In the records below, find the line with "Асклепионов в Греции", then copy each line exactly until you have copied the line with "上午11點整,志愿者騎行隊伍". Leave any picture out.
*** Opening of RECORDS FOR THE TASK ***
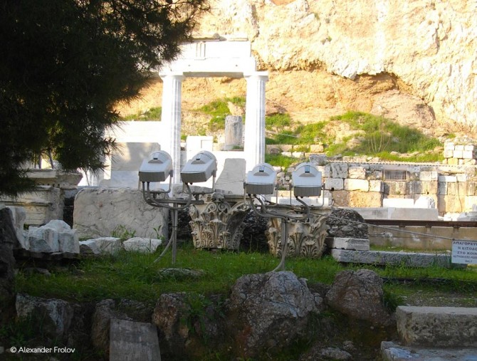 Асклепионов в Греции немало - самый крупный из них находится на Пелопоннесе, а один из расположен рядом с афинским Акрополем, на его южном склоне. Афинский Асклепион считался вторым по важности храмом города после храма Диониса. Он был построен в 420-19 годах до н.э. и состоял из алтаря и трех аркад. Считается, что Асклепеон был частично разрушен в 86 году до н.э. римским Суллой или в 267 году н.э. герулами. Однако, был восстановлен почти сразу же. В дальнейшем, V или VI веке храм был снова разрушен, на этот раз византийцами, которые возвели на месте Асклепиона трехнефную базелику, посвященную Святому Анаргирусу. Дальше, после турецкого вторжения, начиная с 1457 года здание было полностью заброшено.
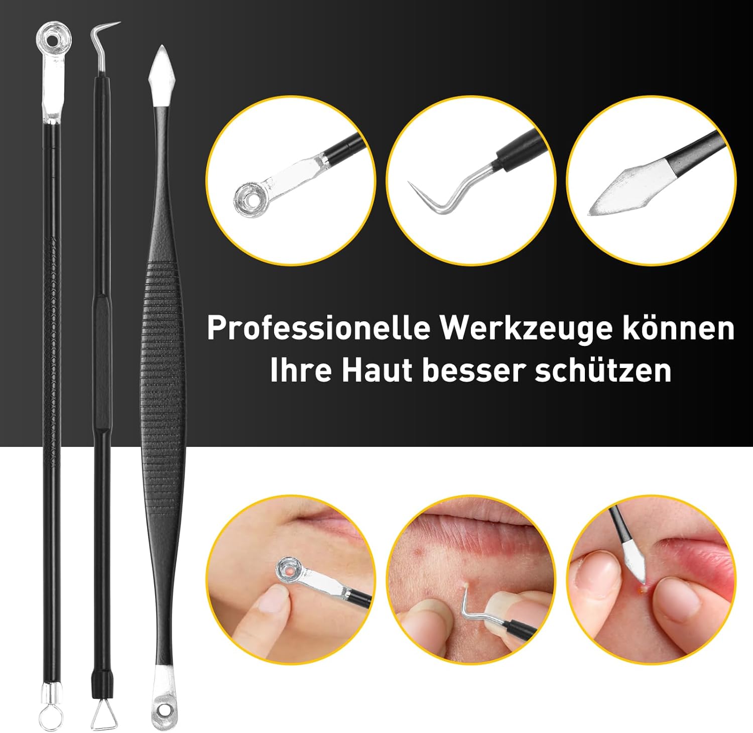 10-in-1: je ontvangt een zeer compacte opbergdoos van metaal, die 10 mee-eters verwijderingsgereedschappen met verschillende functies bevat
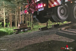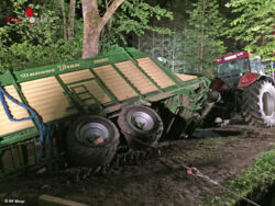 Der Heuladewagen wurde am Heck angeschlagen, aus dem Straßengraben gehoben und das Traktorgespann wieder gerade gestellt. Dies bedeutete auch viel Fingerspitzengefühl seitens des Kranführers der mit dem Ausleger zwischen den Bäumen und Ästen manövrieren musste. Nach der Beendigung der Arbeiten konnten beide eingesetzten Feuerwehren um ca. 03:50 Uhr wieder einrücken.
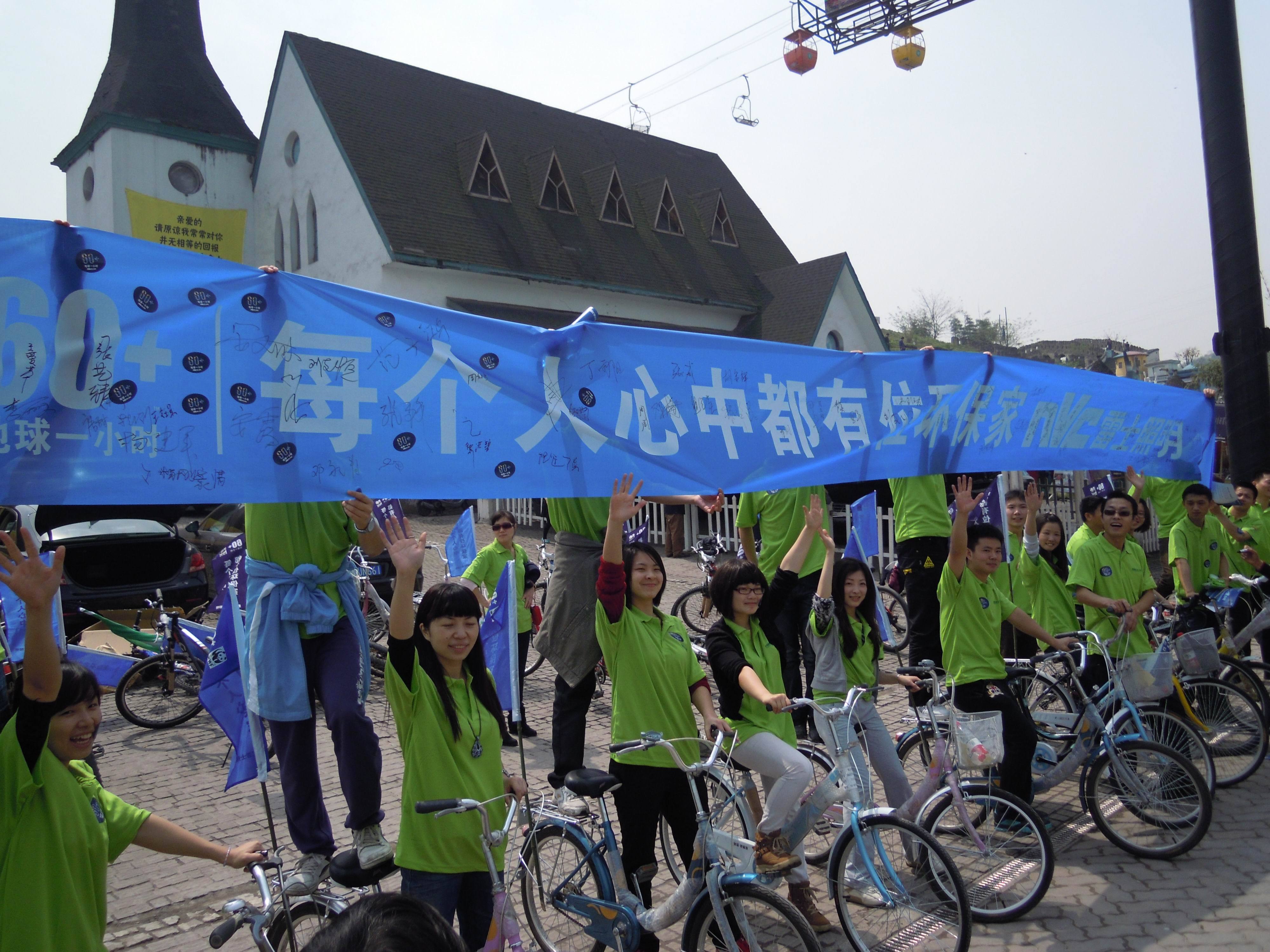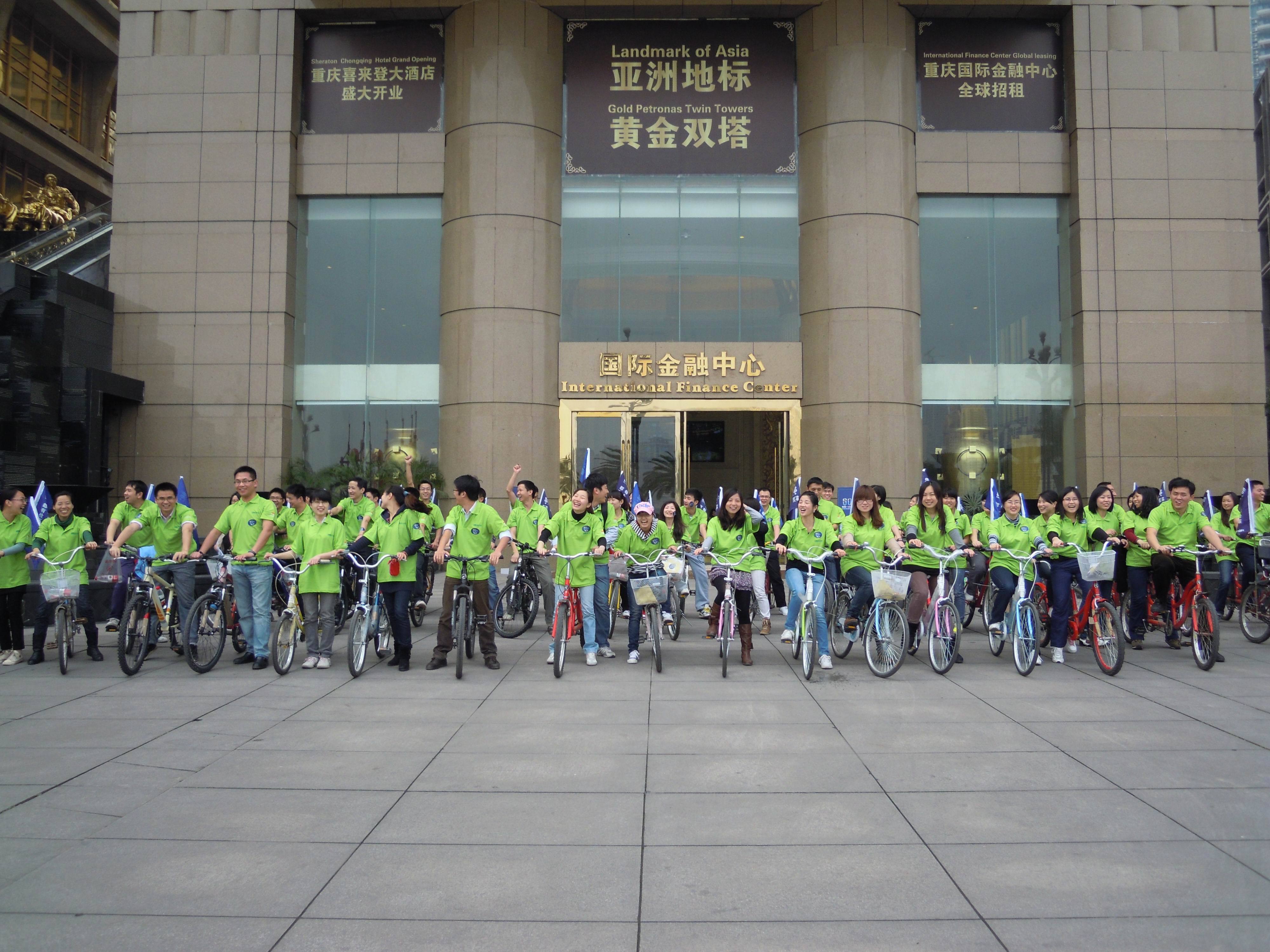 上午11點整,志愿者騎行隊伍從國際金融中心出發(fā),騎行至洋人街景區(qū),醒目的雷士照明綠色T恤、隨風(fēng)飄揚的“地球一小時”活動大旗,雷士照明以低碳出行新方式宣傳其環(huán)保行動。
*** Close of RECORDS FOR THE TASK ***
*** Opening of RECORDS FOR THE TASK ***
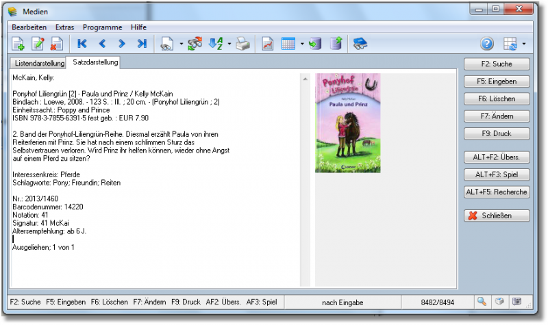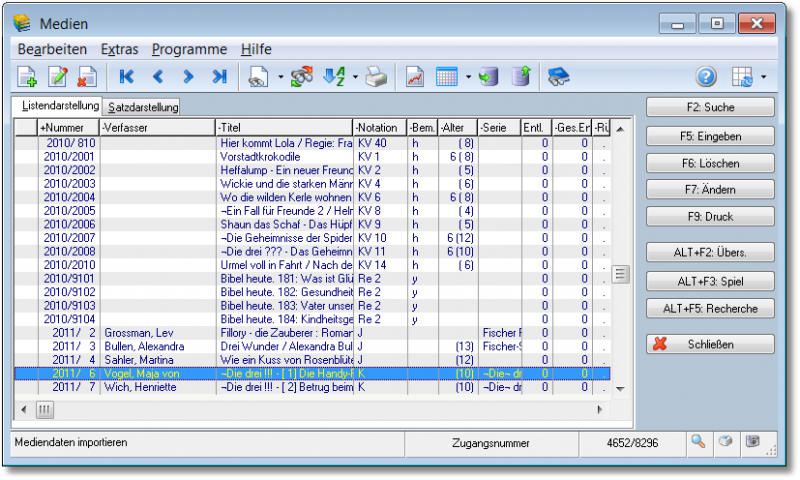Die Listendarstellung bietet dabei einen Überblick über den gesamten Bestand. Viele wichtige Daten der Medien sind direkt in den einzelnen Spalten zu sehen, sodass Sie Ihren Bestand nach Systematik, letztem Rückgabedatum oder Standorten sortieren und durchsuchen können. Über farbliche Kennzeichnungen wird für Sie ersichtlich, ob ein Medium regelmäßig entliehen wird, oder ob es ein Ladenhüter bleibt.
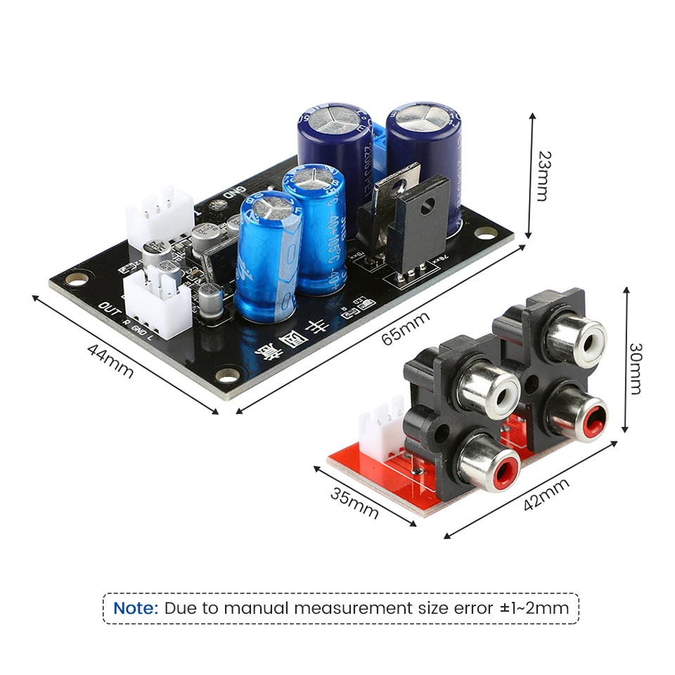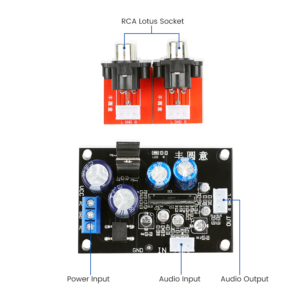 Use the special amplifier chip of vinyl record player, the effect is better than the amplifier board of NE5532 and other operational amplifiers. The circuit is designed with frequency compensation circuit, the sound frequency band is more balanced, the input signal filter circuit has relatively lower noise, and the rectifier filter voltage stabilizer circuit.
*** Close of RECORDS FOR THE TASK ***
YOUR SOLUTION
 Асклепионов в Греции немало - самый крупный из них находится на Пелопоннесе, а один из расположен рядом с афинским Акрополем, на его южном склоне. Афинский Асклепион считался вторым по важности храмом города после храма Диониса. Он был построен в 420-19 годах до н.э. и состоял из алтаря и трех аркад. Считается, что Асклепеон был частично разрушен в 86 году до н.э. римским Суллой или в 267 году н.э. герулами. Однако, был восстановлен почти сразу же. В дальнейшем, V или VI веке храм был снова разрушен, на этот раз византийцами, которые возвели на месте Асклепиона трехнефную базелику, посвященную Святому Анаргирусу. Дальше, после турецкого вторжения, начиная с 1457 года здание было полностью заброшено.
 10-in-1: je ontvangt een zeer compacte opbergdoos van metaal, die 10 mee-eters verwijderingsgereedschappen met verschillende functies bevat
 Der Heuladewagen wurde am Heck angeschlagen, aus dem Straßengraben gehoben und das Traktorgespann wieder gerade gestellt. Dies bedeutete auch viel Fingerspitzengefühl seitens des Kranführers der mit dem Ausleger zwischen den Bäumen und Ästen manövrieren musste. Nach der Beendigung der Arbeiten konnten beide eingesetzten Feuerwehren um ca. 03:50 Uhr wieder einrücken.
 上午11點整,志愿者騎行隊伍從國際金融中心出發(fā),騎行至洋人街景區(qū),醒目的雷士照明綠色T恤、隨風(fēng)飄揚的“地球一小時”活動大旗,雷士照明以低碳出行新方式宣傳其環(huán)保行動。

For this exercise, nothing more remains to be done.